(Supplied data begins)

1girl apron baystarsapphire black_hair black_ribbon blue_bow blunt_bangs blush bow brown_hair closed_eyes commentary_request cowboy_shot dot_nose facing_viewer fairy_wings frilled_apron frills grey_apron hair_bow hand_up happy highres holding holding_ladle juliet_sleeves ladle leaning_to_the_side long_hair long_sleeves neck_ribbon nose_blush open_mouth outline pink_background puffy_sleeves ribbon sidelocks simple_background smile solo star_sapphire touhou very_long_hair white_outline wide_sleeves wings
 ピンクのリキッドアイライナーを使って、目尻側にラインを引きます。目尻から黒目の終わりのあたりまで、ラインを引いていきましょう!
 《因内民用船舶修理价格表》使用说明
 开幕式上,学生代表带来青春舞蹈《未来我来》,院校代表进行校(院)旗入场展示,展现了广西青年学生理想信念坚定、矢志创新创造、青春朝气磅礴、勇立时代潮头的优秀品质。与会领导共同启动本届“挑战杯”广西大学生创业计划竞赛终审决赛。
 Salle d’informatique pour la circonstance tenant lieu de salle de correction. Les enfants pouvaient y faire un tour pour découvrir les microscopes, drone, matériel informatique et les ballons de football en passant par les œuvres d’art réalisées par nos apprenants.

(Supplied data ends)

- Task statement: Only exact copies of the lines from the one containing "ピンクのリキッドアイライナー" to the end of the records belong in the answer.

- Solution for this problem:
 ピンクのリキッドアイライナーを使って、目尻側にラインを引きます。目尻から黒目の終わりのあたりまで、ラインを引いていきましょう!
 《因内民用船舶修理价格表》使用说明
 开幕式上,学生代表带来青春舞蹈《未来我来》,院校代表进行校(院)旗入场展示,展现了广西青年学生理想信念坚定、矢志创新创造、青春朝气磅礴、勇立时代潮头的优秀品质。与会领导共同启动本届“挑战杯”广西大学生创业计划竞赛终审决赛。
 Salle d’informatique pour la circonstance tenant lieu de salle de correction. Les enfants pouvaient y faire un tour pour découvrir les microscopes, drone, matériel informatique et les ballons de football en passant par les œuvres d’art réalisées par nos apprenants.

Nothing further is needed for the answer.